Abstract In the absence of a global agreement to reduce emissions, Australia adopted a carbon tax unilaterally to curb its own emissions. During the debate prior to passing the carbon tax legislation in 2011, there were concerns about the challenge that Australia’s emissions-intensive and trade-exposed (EITE) industries may face in terms of decreasing international competitiveness due to the unilateral nature of the tax and hence the potential for carbon leakage. In order to address these concerns, this paper explores possible border adjustment measures (BAMs) to complement the domestic carbon regulation in Australia using the multi-sector computable general equilibrium approach. We consider four border adjustments: border adjustments on imports based on domestic emissions; border adjustments on exports via a rebate for exports; a domestic production rebate; and full border adjustment on both exports and imports. We compare the numerical simulation results of these scenarios with a no border adjustments scenario from the standpoint of welfare, international competitiveness and carbon leakage. The key finding is that BAMs have a very small impact on the overall economy and on EITE sectors. In other words, the different BAMs have minimal impact on the outcomes of carbon pricing policy. This finding is consistent with studies for EU, USA, Canada and other countries.
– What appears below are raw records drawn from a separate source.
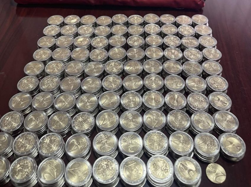 “Sot me datë 17.10.2023, Njësiti për Reagim të Shpejtë (NJRSH-Prishtinë) gjatë realizimit të detyrave policore në një pikë kontrolli në Prishtinë, ka ndaluar automjetin Audi A4 I cili po drejtohej nga personi A.B., m/k (viti I lindjes 1997), ku gjatë kontrollit në bagazh i është gjetur një sasi e konsiderueshme e monedhave metalike nga 2 €uro, për të cilat ekziston dyshimi i bazuar se janë të falsifikuara”, thuhet në njoftim.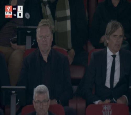 西甲第33輪,巴塞羅那主場對陣塞爾塔,巴薩隊史兩位荷蘭傳奇羅納德-科曼、科庫現(xiàn)身諾坎普看臺,現(xiàn)場觀看比賽。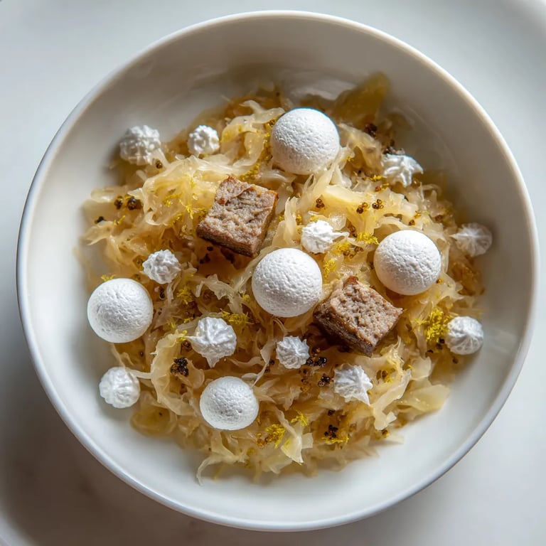 Merken Diese Choucroute sucrée à la citronnelle mit salziger Meringue ist eine eigenwillige Neuinterpretation des französischen Klassikers. Fermentierter Kohl bekommt hier durch duftende Zitronengras-Noten und knusprige Mini-Meringues mit Limettenzeste ein ungewöhnlich frisches und luftiges Finish. Dazu eine Scheibe würziges Leberpastete – so entsteht eine außergewöhnliche Geschmackskombination zwischen Herzhaftigkeit, feiner Süße und knackigen Akzenten. Perfekt für neugierige Genießer, die gerne experimentieren.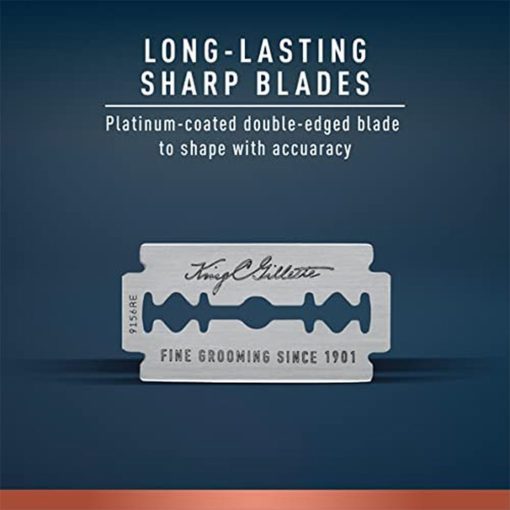King C. Gillette Best Stainless Steel Platinum Coated Blades offers precision finish and long-lasting durability. Recommended for ultimate precision in edging sideburns and creating strong beard lines. Inspired by King Camp Gillette’s original 1901 razor blades, these incredibly strong stainless steel razor blades are reinforced with durable platinum for extra strength and an anti-friction coating for a comfortable, close shave. Use with double edge safety razors. The pinnacle of over a century’s worth of innovation and expertise, and the only range that bears the name of the company’s founder: King C. Gillette. Maintaining a well-groomed beard is a craft that requires the right tools. Fueled by the spirit of the brand’s founder, the King C. Gillette line includes a complete set of precision tools and quality care products, to enable every man to create his own unique style.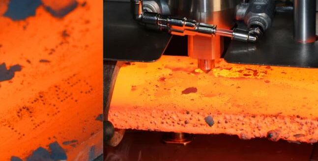 Die neue Prägeanlage setzt auf einen sechsstelligen Zifferncode in Punktschrift, der direkt auf den heißen Blechen platziert wird. Mit einer Schrifthöhe von 15 mm und einer Prägetiefe von mindestens 0,5 mm wird optimale Lesbarkeit, selbst für Schrifterkennungssysteme gewährleistet. Die Markierung bleibt klar erkennbar, auch bei auftretender Verzunderung. Die automatische Prägung erfolgt durch drei Prägeköpfe, die den Code von unserer intelligenten Steuerung erhalten. Der obere Prägekopf tastet die Oberfläche ab und passt sich an die Blechdicke an, während der seitliche Prägekopf Unebenheiten bis zu 12 mm ausgleicht.
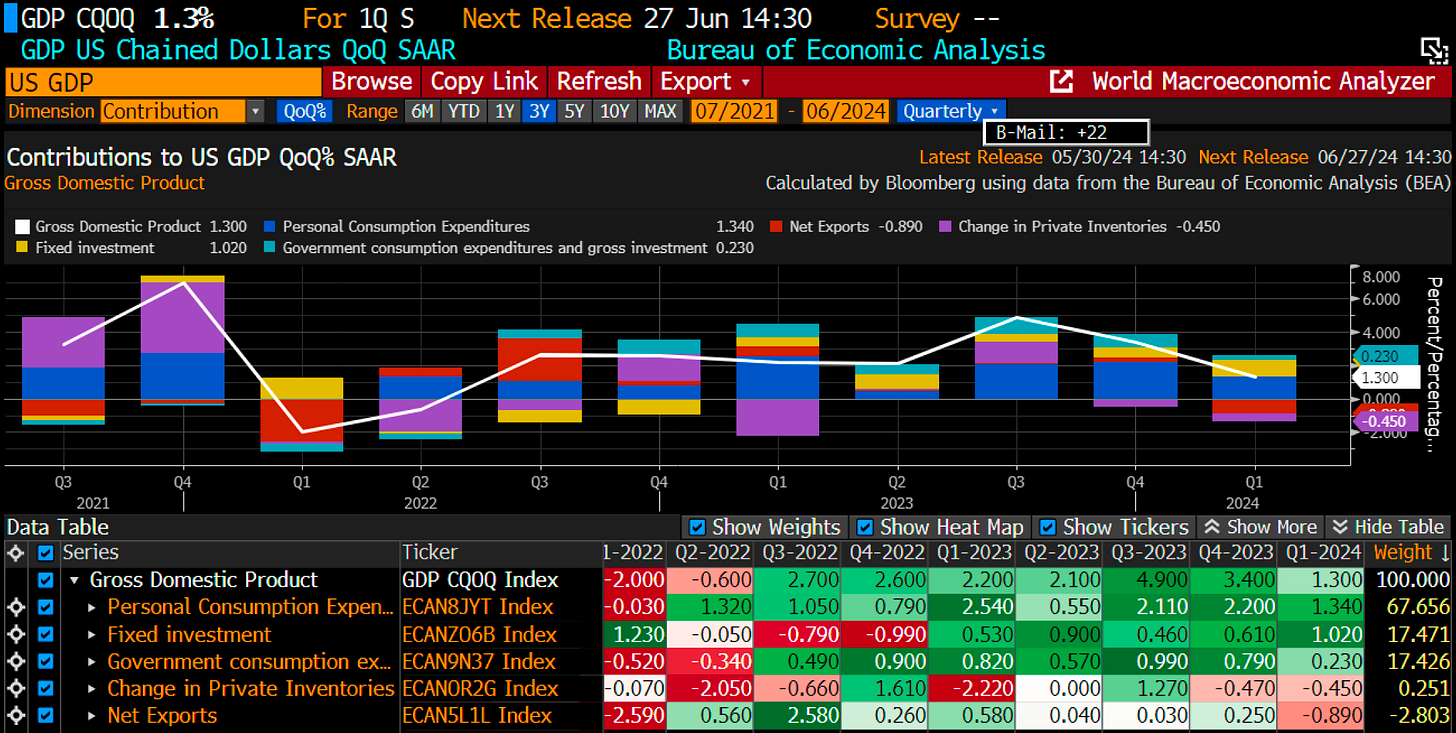 Growth Data once again slowed to 1.3% in Q1 from the 3.4% expectation beat of Q4.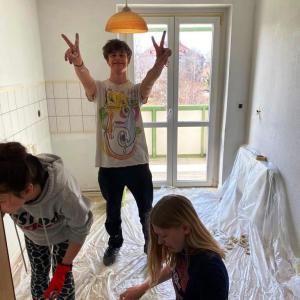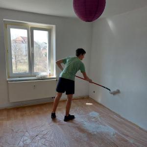 Siebzehn Schüler strichen und putzten einige der elf Wohnungen, die Menschen aus der Ukraine zur Verfügung gestellt werden sollen. Unterstützt wurden sie von unserer ehemaligen Schülerin Elisabeth Schreiber, von fünf jungen Leuten, die der Jugendbeirat organisiert hatte – und natürlich auch von Herrn Richter, Frau Heisler und Frau Venediger. Ihr habt viel geschafft und ganz praktisch geholfen. Vielen Dank, dass Ihr einen Teil eures Samstags geopfert habt, um zu helfen!
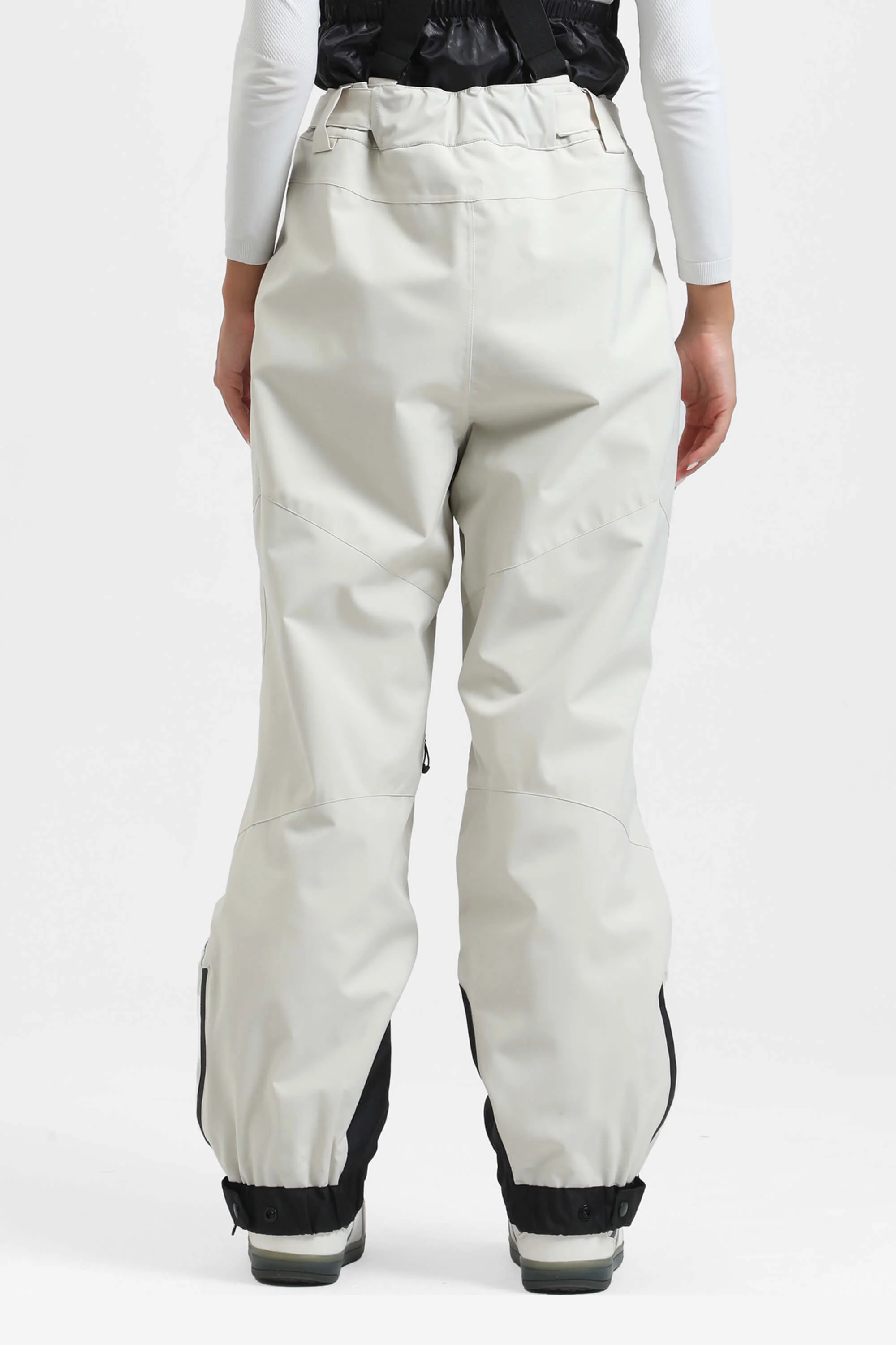 Women's Off White Insulated Baggy Snow Pants With Detachable Suspenders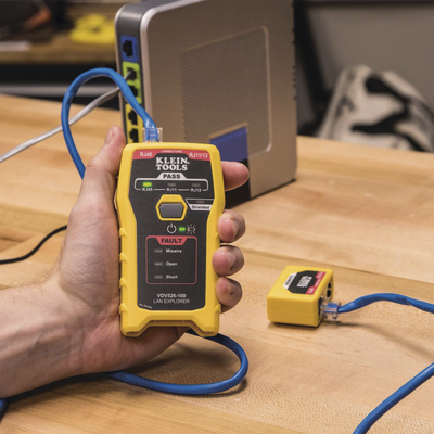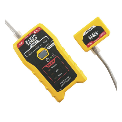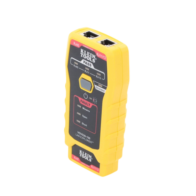 - Probador de cables con botón único de prueba de cables de voz y datos terminados RJ11, RJ12 y RJ45.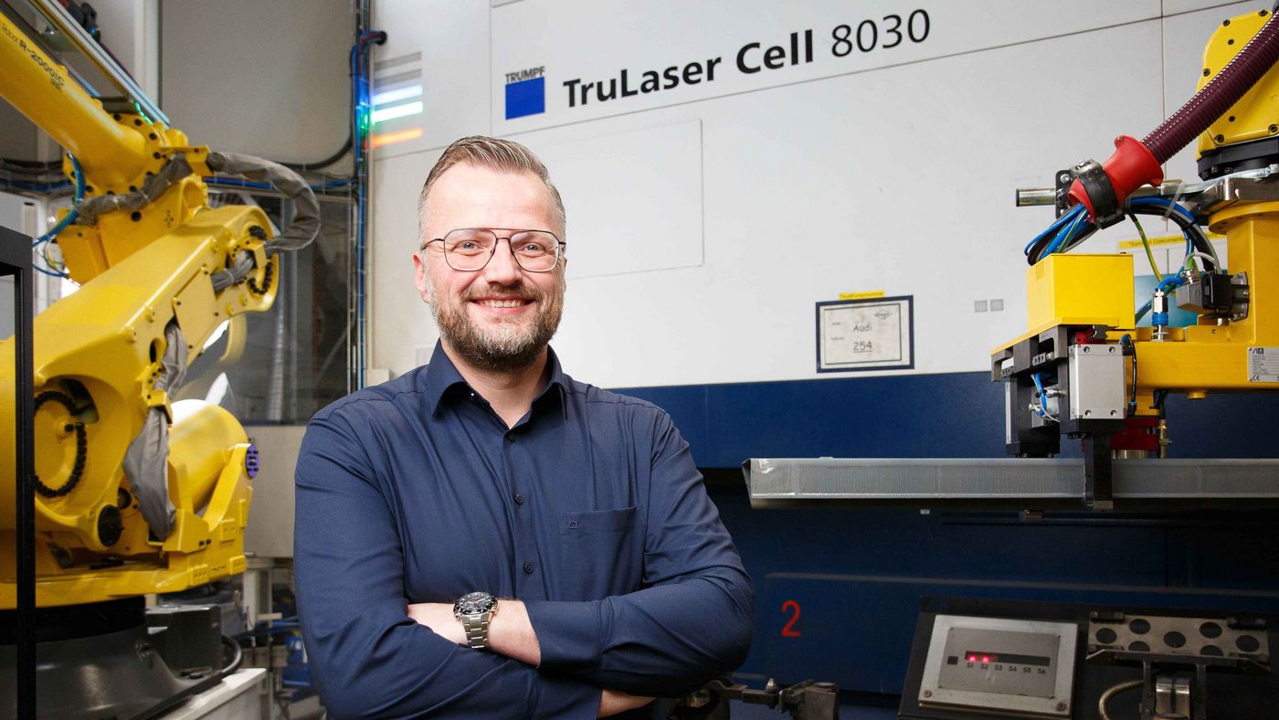 Kaufmann und sein Kollege Björn Müller, Projektleiter Investitionsgüter im Maschinen- und Gebäudemanagement, wenden sich an TRUMPF. In einem gemeinsamen Workshop mit TRUMPF Experten und Spezialisten des Solutionspartners Autom8 legen sie auf den Tisch, was sie sich für einen vollautomatisierten Prozess wünschen. „Ein wichtiger Punkt war für uns das Behältermanagement“, sagt Müller und führt aus: „Wir benötigen in einem automatisierten Prozess spezielle Behälter. Die Anschaffung ist teuer und auch das Handling und die Lagerung wirken sich negativ auf die Wirtschaftlichkeit aus.“ Auch die Qualitätssicherung mit passenden Kamerasystemen sowie eine ausgereifte Greifer-Technologie standen auf der Agenda. „Warmumformteile haben meist eine Trichterform und eine raue Oberfläche. Zur Weiterverarbeitung am Laser werden sie gestapelt. Das automatisierte Greifen und vor allem das Separieren der Teile ist keine Kleinigkeit“, sagt Müller. Last but not least stand der Automatisierung nur begrenzter Platz zur Verfügung.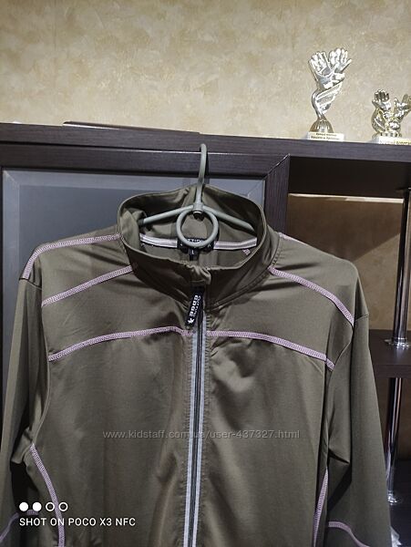 Спортивная кофта, отличного качества. Хорошо тянется, размер указан Л. Подойдёт на наш 46-48размерЗамерыШирина между подмышки 51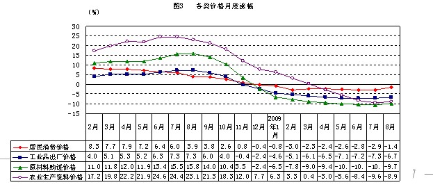 居民消费价格涨幅(%) | -2.3 | -1.4 | 1.1 | -2.9 | -2.8 | -2.6 | -2.4 | -2.3 | -1.9 | |||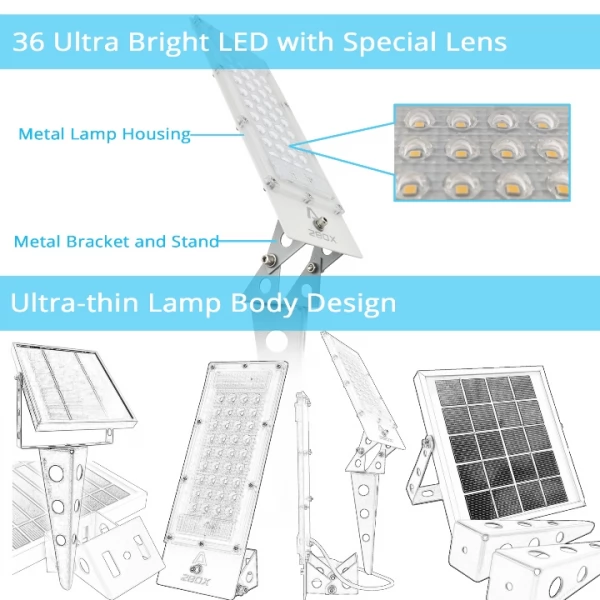 Universal Compact Ultra-Bright 36 LED Solar Flood Light Garden Landscape Signs Application with a remote solar panel is a high-quality heavy-duty waterproof product for outdoor landscape lighting and decoration. Comfortable Soft Warm White output with a Special design of the lens enhances the brightness. Maintenance-free AUTO daylight sensor operates the light from Dusk to Down with 3 Lighting Power Modes including Full Brightness, Medium and Energy-saving modes with up to 24h of illumination. The ultra-thin design is suitable for residential and commercial setups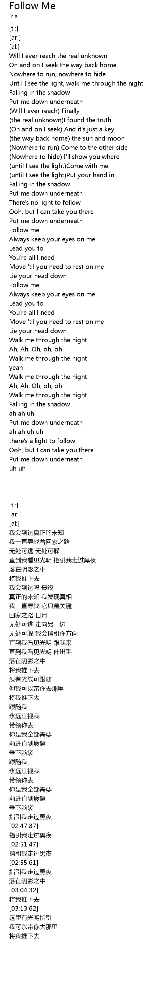 | [02:30.00] | Follow me |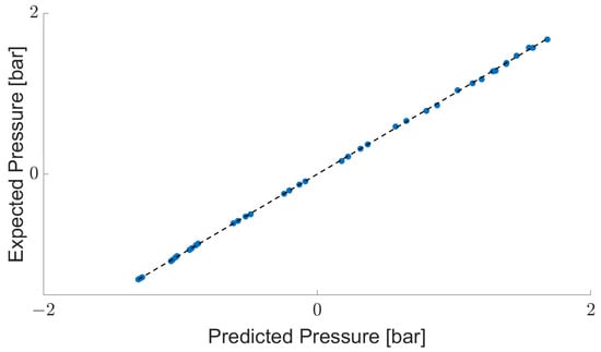 where (3) allows us to compute the output of the neural unit, is an input, is a weight, b is the bias, and f is the activation function. In more detail, in (5), is the weight associated with the i-th neuron input and the j-th neuron output ; is the bias of the j-th neuron. In (6), is the bias of the k-th output; is the weight associated with the j-th hidden layer input and the k-th output. The function in (4) is the activation function used in the present study and introduces nonlinearity in the system. The computations in (5) and (6) represent the feedforward operations for the hidden layer and the output layer, respectively. They describe the propagation of data to compute the output. Here, is the neuron output of the j-th hidden layer; is the k-th output. Equation (7) describes the backpropagation, namely, the error computation to update the weights: is the learning rate and the error between the network output and real data.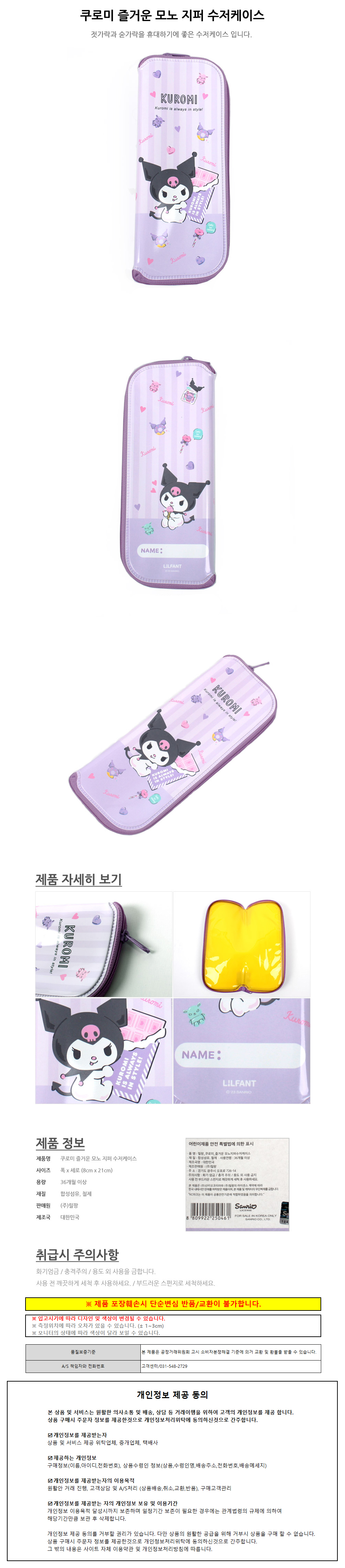 릴팡 쿠로미 즐거운 모노 지퍼 수저케이스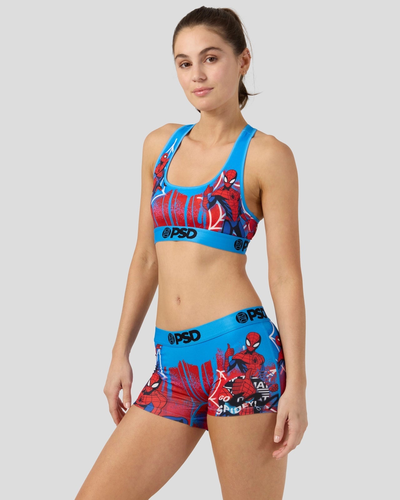Our latest Spider-Man style just swung into town. The Peter Parker Sports Bra is made from a silky poly blend and is breathable yet slightly compressive, bringing you the comfort and support you need for everything you get into.
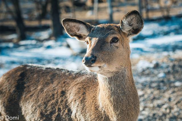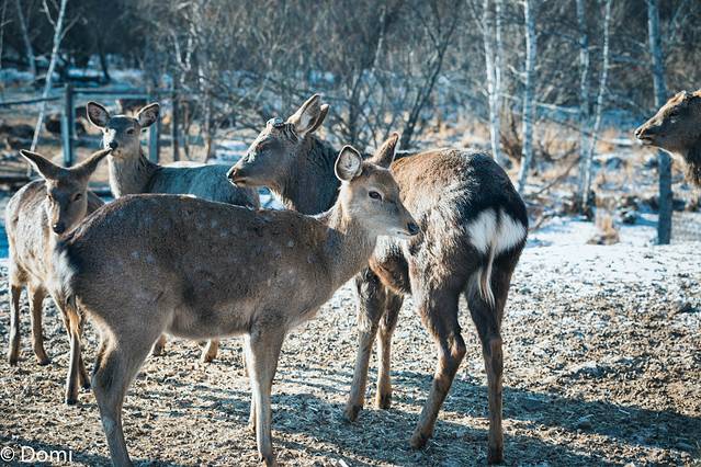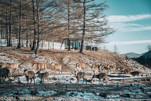 午餐之后来到鹿村,也是亲爱的客栈的拍摄地儿,这里面有上百头梅花鹿,夏天的时候身上的有明显的梅花鹿斑点,到了冬天他们也穿上了厚厚的绒毛,斑点就隐藏起来了。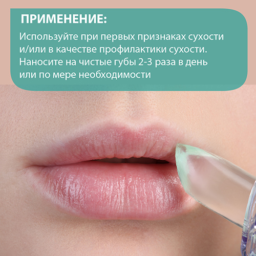 Используйте при первых признаках сухости и/или в качестве профилактики сухости. Наносите на чистые губы 2-3 раза в день или по мере необходимости.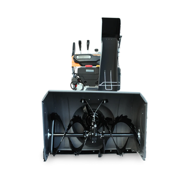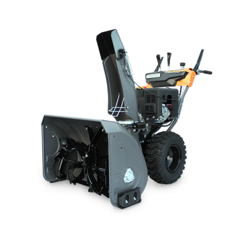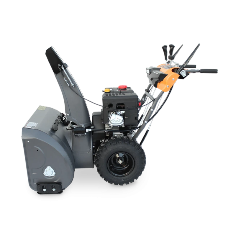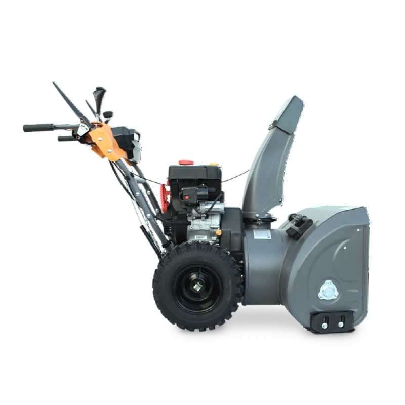 Снегоуборочный ковш изготавливается из стали толщиной 2 мм и усиливается ребрами жесткости. За счет этого выдерживает большие нагрузки. Ширина захвата снега – 76 см, дальность выброса до 15 м. Колеса большого диаметра, изготавливаются из эластичной резины, устойчивой к сильным морозам. Имеет функцию автоматической разблокировки дифференциала, которая повышает маневренность машины.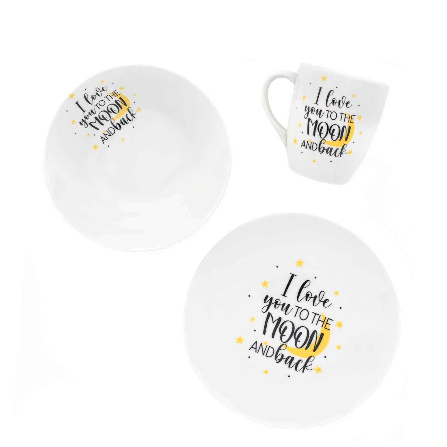 Набор детской посуды "До луны и обратно" - оригинальный подарок для ребенка на любой праздник. Вам больше не нужна отдельная подарочная упаковка для наших столовых сервизов, все наши детские наборы посуды упаковываются в фирменные, крафтовые коробки. Наши детские наборы посуды изготавливаются из высококачественного фарфора. Вся детская посуда нашего бренда производится в России. Наши детские наборы посуды подходят для использования в СВЧ-печах. Мы не рекомендуем использование жестких щеток и губок. Всегда в наличии более 50 различных дизайнерских наборов детской посуды. Детский набор посуды "До луны и обратно" состоит из трех предметов: кружка, тарелка, суповая тарелка. Объем кружки 300 мл, объем суповой тарелки 600 мл, диаметр столовой тарелки 20 см. Столовый сервиз всегда упаковывается в подарочную коробку и дополнительно прокладывается большим количеством пупырчатой пленки и специальными картонными ложементами

Hence, we conclude that the border adjustments are ineffective instruments to safeguard EITE industries in Australia.

Suggested Citation

  • Mahinda Siriwardana & Sam Meng & Judith McNeill, 2017. "Border adjustments under unilateral carbon pricing: the case of Australian carbon tax," Journal of Economic Structures, Springer;Pan-Pacific Association of Input-Output Studies (PAPAIOS), vol. 6(1), pages 1-21, December.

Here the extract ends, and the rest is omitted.